Similarly, at a personal level, this election was like no other as the largest number of acquaintances, distant relatives, close friends and former classmates, all vied for different seats both at parliament and local councils. This means my engagement or at least the perceived involvement was much greater than all previous voting.
Brink of war
The situation in Mogadishu was close to brink of war in April, following intense and almost violent disagreements between president Farmajo and prime minister Roble. This came after Farmajo audaciously tried to extend mandate for two additional years. This, however, was met with strong resistance to the level of an armed one. The country has never been so close to a bloody civil war for decades than those tensed and unpredictable days. Hundreds of residents left their homes and moved to the relative safety of other areas within Mogadishu. The prospect of an all-out civil war was never greater in those days and people in Mogadishu were slightly spared from another deadly civil strife. Concerned citizens and other political stakeholders, both domestic and foreign players exerted pressure on parties, urging them self-restraint and to avoid bloodshed and work towards a peaceful resolution. This has somewhat worked, but the conflict is back, fear is still real, and this could develop into a full-blown violence unless local sustainable solution is reached, credible elections are held, and power is handed over or legitimacy earned through legal and consensus-based avenues.
Back in the sky
As situation improved, I started once again to fly and visit many different places for personal and work-related trips.
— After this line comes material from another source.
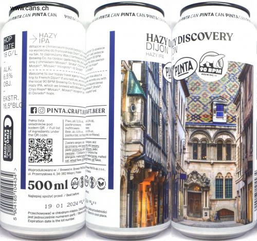 AN PINTA CAN PINTA CAN HOP RATE 18 G/L ALK. 6.5% OBJ. EKSTR. 16.5°BLO PSBR.EU PIWO M KRAFTOWE 5 904165 104434 > AAN PINTA CAN PINTA CAN PINTA CANA HAZY IPA Witajcie w chmielowym biurze podróży! Copozy! Co powiecie na wycieczkę do francuskiego Dijon? Jesion? Jeśli jesteście na tak, to zapraszamy Was z tamtejszym 90 Bantejszym 90 BPM Brewing Co. na rześkie i gęste Hazy IPA, które uw śmy z chmielami Mosaic®, Strata®, Cryo Hops Mosaic®, Mosaic® Incognito® i El Dorado Welcome to our hoppy travel agency! How abgency! How about a trip to French Dijon? If you said yes, we invite yo the local 90 BPM Brewing Co. for a crisp and for a crisp and dense Hazy IPA, which we brewed with Mosaic, Str Mosaic, Strata, Cryo Hops® Mosaic®, Mosaic® Incognito and cognito and eyes, we invite you with El Dorado® hops. y IPA, które uwarzyli- Cryo Hops HB Dorado fO PINTA.CRAFT.BERAFT.BEER 6,5% obj., Pełna lista składników pod kodem QR. / Full list of ingredients under the QR code. Piwo, alk. 6,5% ob pasteryzowane, ryzowane, niefiltrowane. Beer, alc. 6.5% vol. 6.5% vol., pasteurized, non filtered rized, non filtered. towane. Zawiera alergeny: skid alergeny: słód jęczmienny, słód owsiany stód owsiany, płatki pszeniczne, platiniczne, płatki owsiane./Contains the/Contains the allergens: malted barley : malted barley, malted oat, wheat flakes, cat fakes, oat flakes. Polska Wyprodukowano w: /Brewed in: Browar PINTA Stowar PINTA sp. z o.o., VEGAN ul. Przemysłowa 4, 34-382 Wieprz, Polska FRIENDLY 500 ml 100 efore: Najlepiej spożyć przed: / Best before: 19 01 20241241211 Przechowywać w chłodnym miejscu. Data pData przydatności jest jednocześnie numerem partii./Store in Store in cool place. Expiration date is the lot number. PINTA CAN PINTA CAN PINTA CAN PUTI HAZY DISCOVERY HAZY IPA ON PIN PINTA 90 BPM BREWING CO. 18

Interestingly, for the first time in many years, I spent quality time with my family for 15 consecutive months- a very unlikely and unimaginable scenario for a person like me- a frequent traveler, with a roughly two and sometimes triple trips in a month. Yet, with all the hassle and inconvenience associated with travel, I was still longing for this moment; being in the sky, closing my eyes for around 10-15 minutes, for a much-needed self-reflection and refreshment- a ritual I maintained lately each time I fly.
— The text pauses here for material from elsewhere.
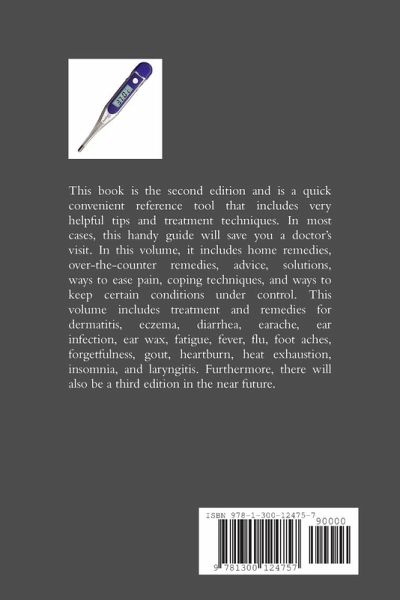This book is the second edition and is a quick convenient reference tool that includes very helpful tips and treatment techniques. In most cases, this handy guide will save you a doctor's visit. In this volume, it includes home remedies, over-the-counter remedies, advice, solutions, ways to ease pain, coping techniques, and ways to keep certain conditions under control. This volume includes treatment and remedies for dermatitis, eczema, diarrhea, earache, ear infection, ear wax, fatigue, fever, flu, foot aches, forgetfulness, gout, heartburn, heat exhaustion, insomnia, and laryngitis. Furthermore, there will also be a third edition in the near future. The first edition covers helpful tips for acne, allergies, arthritis, backache, bad breath, bites, boils, blood pressure, boils, bronchitis, burns, carpal tunnel syndrome, high cholesterol, colds, cold sores, constipation, and diabetes.

To this end, I flew to Rwanda and spent splendid days there. See the Rwanda reflections in this link https://wardheernews.com/soo-rogaalcelinta-ruwaanda/. I also visited Addis Ababa, Mogadishu (twice), Hargeisa, Garowe, Borama, Berbera, Gabiley, Sheikh and Buroa.
Once every two years, the family and I travel back home to spend quality time with family members and friends. But this time, the visit came after nearly 15 months, I have not traveled, mainly due to COVID-19 restrictions. Normally, I visit my mom particularly once in two months, but this was an exceptionally prolonged absence. Finally, I was so excited to be back home and grateful to have spent there a restful and joyful break. See this link for the observation during my stay there http://horusocod.blogspot.com/2021/08/fasax-iyo-fiirsasho.html.
At a personal level, I continued to do pretty good stuff, professionally and socially. Likewise, I maintained my self- discipline of reading as much books as possible, producing aftermath book summaries and occasionally publishing articles and short stories. This year, I have been reading with a Kindle; and have experienced a renewed enthusiasm on written work. Thanks to my nephew Abdihakim Omar for sending this device.
Finally, I remain grateful to the Almighty Allah for granting us good health, peace and prosperity and equally looking forward to a much more peaceful, healthier, prosperous and blessed 2022!